An exact copy of each line below is needed, with no images in it.

> The data:
»»
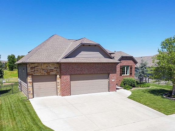 Absolutely gorgeous home with open floor plan concept features views of the golf course, 4th car garage and NO Special Taxes! This home was custom built by the builder as his personal home and has been extremely well designed with beautiful hickory hardwood floors carried throughout the main floor, grand foyer, custom kitchen cabinetry with large walk in pantry and soft close drawers, two stone gas fireplaces, u-shaped staircase with wrought iron spindles, granite countertops, main floor laundry with drop zone, tall 10 foot ceilings, walk out basement with 9 foot ceilings, covered deck, surround sound speakers throughout the interior as well as exterior and white trim carried throughout! Enjoy morning coffee views of the Auburn Hills Golf Course or host lovely evening dinners on the recently stained covered deck with additional pull-down shades accompanied by music from your exterior speakers. Main floor master bedroom also has amazing views of the greens and has a gorgeous custom walk in tile shower with river rock shower base, large walk in closet, double sinks and spa-like tub. Split floor plan layout includes three bedrooms upstairs and two additional bedrooms downstairs. Entire interior of home has been recently painted and the wet bar downstairs is almost a second kitchen with room for a full-size refrigerator, dishwasher, stained concrete flooring, and tons of great additional cabinet storage! Walk out basement leads you to your beautiful backyard set up with patio, irrigation well, sprinkler system and wrought iron fence! This home has been extremely well maintained and truly feels like new construction, already has the radon system installed for you, brand new roof and gutters installed July 2019 with transferrable warranty, landscaping already perfectly placed and has the 4th car garage that will fit a 4 door pick up!! Established in Auburn Hills; community amenities include golf course, lake/pond, four playgrounds, club house, and four community pools to choose from! Home is located within the Goddard School District and near St Elizabeth Ann Seton Catholic School as well as Holy Spirit Catholic School!
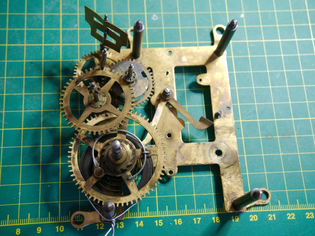 As it is a 30-hour movement the mainsprings are not as powerful as one would find in an 8-day clock although I always use care when working with mainsprings and wear thick work gloves.
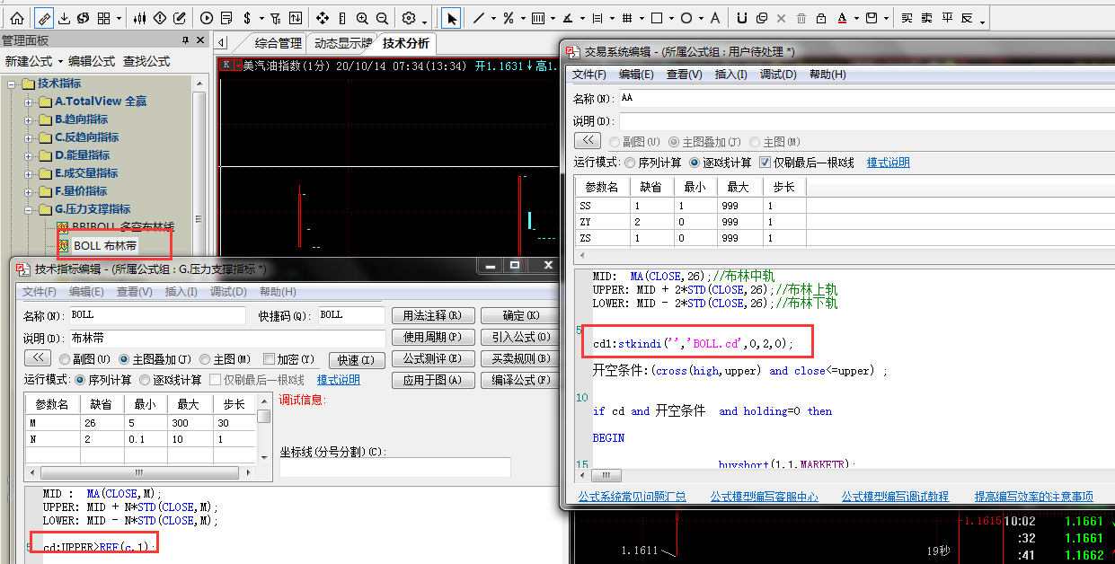 是的,布林线它们都在一个指标里。难道我放了个基础严重错误。。。。抱歉老师,我是没半点基础的那种学员。请教我一下,我这个怎么修改修改?谢谢!意思是不是要先新建一个小时线的boll指标,然后再在1分钟线的策略里使用小时线的指标?
««
> Solved problem:
 Absolutely gorgeous home with open floor plan concept features views of the golf course, 4th car garage and NO Special Taxes! This home was custom built by the builder as his personal home and has been extremely well designed with beautiful hickory hardwood floors carried throughout the main floor, grand foyer, custom kitchen cabinetry with large walk in pantry and soft close drawers, two stone gas fireplaces, u-shaped staircase with wrought iron spindles, granite countertops, main floor laundry with drop zone, tall 10 foot ceilings, walk out basement with 9 foot ceilings, covered deck, surround sound speakers throughout the interior as well as exterior and white trim carried throughout! Enjoy morning coffee views of the Auburn Hills Golf Course or host lovely evening dinners on the recently stained covered deck with additional pull-down shades accompanied by music from your exterior speakers. Main floor master bedroom also has amazing views of the greens and has a gorgeous custom walk in tile shower with river rock shower base, large walk in closet, double sinks and spa-like tub. Split floor plan layout includes three bedrooms upstairs and two additional bedrooms downstairs. Entire interior of home has been recently painted and the wet bar downstairs is almost a second kitchen with room for a full-size refrigerator, dishwasher, stained concrete flooring, and tons of great additional cabinet storage! Walk out basement leads you to your beautiful backyard set up with patio, irrigation well, sprinkler system and wrought iron fence! This home has been extremely well maintained and truly feels like new construction, already has the radon system installed for you, brand new roof and gutters installed July 2019 with transferrable warranty, landscaping already perfectly placed and has the 4th car garage that will fit a 4 door pick up!! Established in Auburn Hills; community amenities include golf course, lake/pond, four playgrounds, club house, and four community pools to choose from! Home is located within the Goddard School District and near St Elizabeth Ann Seton Catholic School as well as Holy Spirit Catholic School!
 As it is a 30-hour movement the mainsprings are not as powerful as one would find in an 8-day clock although I always use care when working with mainsprings and wear thick work gloves.
 是的,布林线它们都在一个指标里。难道我放了个基础严重错误。。。。抱歉老师,我是没半点基础的那种学员。请教我一下,我这个怎么修改修改?谢谢!意思是不是要先新建一个小时线的boll指标,然后再在1分钟线的策略里使用小时线的指标?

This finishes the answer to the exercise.